Omaggio all'amico Emilio: grande nel bene e nel male

Un maestro di giornalismo esce di scena per decisione dell'azienda, non sua. E l'amicizia speciale con Berlusconi è stata una fortuna e una maledizione

Omaggio all'amico Emilio: grande nel bene e nel male

Spero non si offenda Emilio Fe­de se, parlando di lui, mi viene in mente Vitaliano Brancati, scrittore siciliano, che prendeva in giro affettuosamente i propri conter­ranei e i loro miti, anzitutto il galli­smo. Per capirci subito, cito Paolo il caldo , l’ultimo libro di Brancati. Fe­de è un personaggio da romanzo, complesso ed enigmatico, sponta­neo negli atteggiamenti, ma non sempre schietto come appare. In­somma, è impastato di sicilianità e non potrebbe essere diversamente essendo nato nell’isola. Ieri Aldo Grasso sul Corriere della Sera , ricordan­done la carriera, che non è chiusa ma semichiusa, gli ha reso cavalle­rescamente l’onore delle armi: di Emilio si può dire tutto, tranne che non sia stato un protagonista dell’informazione.

Forse continuerà a esserlo. Glie­lo auguriamo, anche se, alla so­glia degli 81 anni, il futuro non po­trà essere lungo quanto il passato.
Sapevamo, noi del cosiddetto cir­co massmediatico, che Fede stava per abbandonare la direzione del
 Tg4 , però la sua uscita ci ha co­munque colti di sorpresa per co­me è avvenuta. Ci aspettavamo che la data dell’addio coincidesse con quella del suo prossimo com­pleanno, l’ottantunesimo appun­to, il 24 giugno. Soprattutto erava­mo persuasi che il saluto ai tele­spettatori sarebbe stato accompa­gnato da una cerimonia solenne, lacrime e champagne.
Previsione sbagliata. La vita non rispetta mai il copione sugge­rito dai nostri desideri. Nel bene, e soprattutto nel male, ti stupisce sempre. È andata così anche sta­volta: Emilio esce di scena malin­conicamente per decisione del­l’azienda, non sua. Ma serve ag­giungere che, se fosse dipeso da lui, da quella scena non sarebbe mai uscito se non per cause di for­za maggiore. Credo di sapere qua­le sia il suo stato d’animo. Certe esperienze le ho vissute anch’io, sia pure in altre forme. Quando sa­li sul podio, sei temuto, corteggia­to, blandito e spesso ingannato. Quando scendi, vieni sommerso dall’indifferenza,se va bene.Se va male, gli sguardi di chi ti aveva adulato si trasformano in punte acuminate che trafiggono.
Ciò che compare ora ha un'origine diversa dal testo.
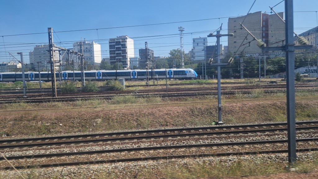 Departing one-minute early at 1312, we initially ran along the ‘classic lines’ out of Gare du Nord, past the Stade de France and duo of SNCF railway deports before reaching Villiers-le-Bel-Gonesse-Arounville where a flying junction took us onto LGV Nord. Originally opened in 1993, LGV Nord connects Paris with the Belgian border and Channel Tunnel and sees a wide range of high-speed trains operated by SNCF and Eurostar (both the original and ex-Thayls parts).
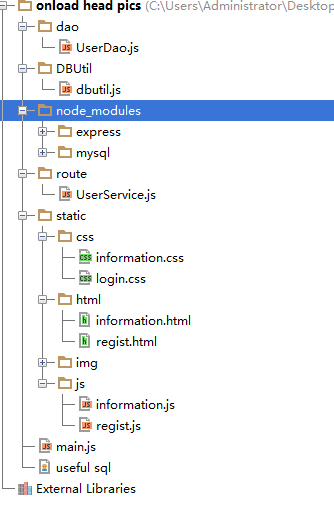 5.当然,不要忘了引入2个模块express和mysql,新建一个文件夹node_module,将这2个模块包含在其中。
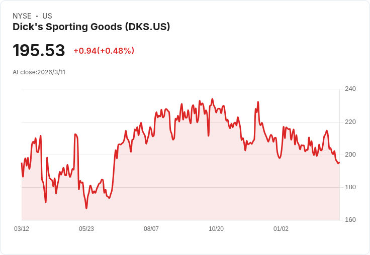 Dick's Sporting Goods於週四表示,儘管假期季度表現好於預期,但因收購Foot Locker而面臨巨大財務壓力,導致公司對2026財年的獲利指引顯示疲軟。根據LSEG資料,該公司預計調整後每股收益將介於13.50至14.50美元之間,低於分析師預期的14.67美元。
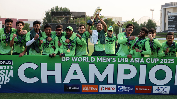 এর আগে রবিবার দুবাইয়ের আইসিসি একাডেমিতে অনুষ্ঠিত ফাইনালে ভারতকে রীতিমতো বিধ্বস্ত করে পাকিস্তান অনূর্ধ্ব-১৯ দল। ফাইনালে বিশেষভাবে নজর কেড়েছেন ওপেনার সামির মিনহাস। চাপের ম্যাচে ১৭২ রানের অনবদ্য ইনিংস খেলে পাকিস্তানের বিশাল সংগ্রহের ভিত গড়ে দেন তিনি।

Vuotare i cassetti della scriva­nia, percorrere in solitudine i cor­ridoi, nessuno che ti aiuti a porta­re via gli effetti personali: è come assistere al proprio funerale. In quel momento, comprendi con amarezza i tuoi limiti e quelli degli altri. Gli uomini nel peggio sono tutti uguali. Il direttore di un gior­nale, e in genere ogni capo, un mi­nuto dopo non esserlo più, è un po­veraccio e come tale viene tratta­to. È già un successo se non gli spu­tano addosso.
Fede in questi giorni amari do­vrà sopportare un peso in più: quello dell’età.Facile dire a uno di 81 anni:ma va’là che non li dimo­­stri, sei ancora fresco e lucido, puoi fare molte cose. Vero. Ma che consolazione è per uno consa­pevole che la vecchiaia è il prete­sto più comodo dei detrattori per spargere sul tuo conto ogni sorta di malignità? Finché sei in sella, la pista ti sembra infinita, ma non lo è, e te ne accorgi quando posi i pie­di per terra.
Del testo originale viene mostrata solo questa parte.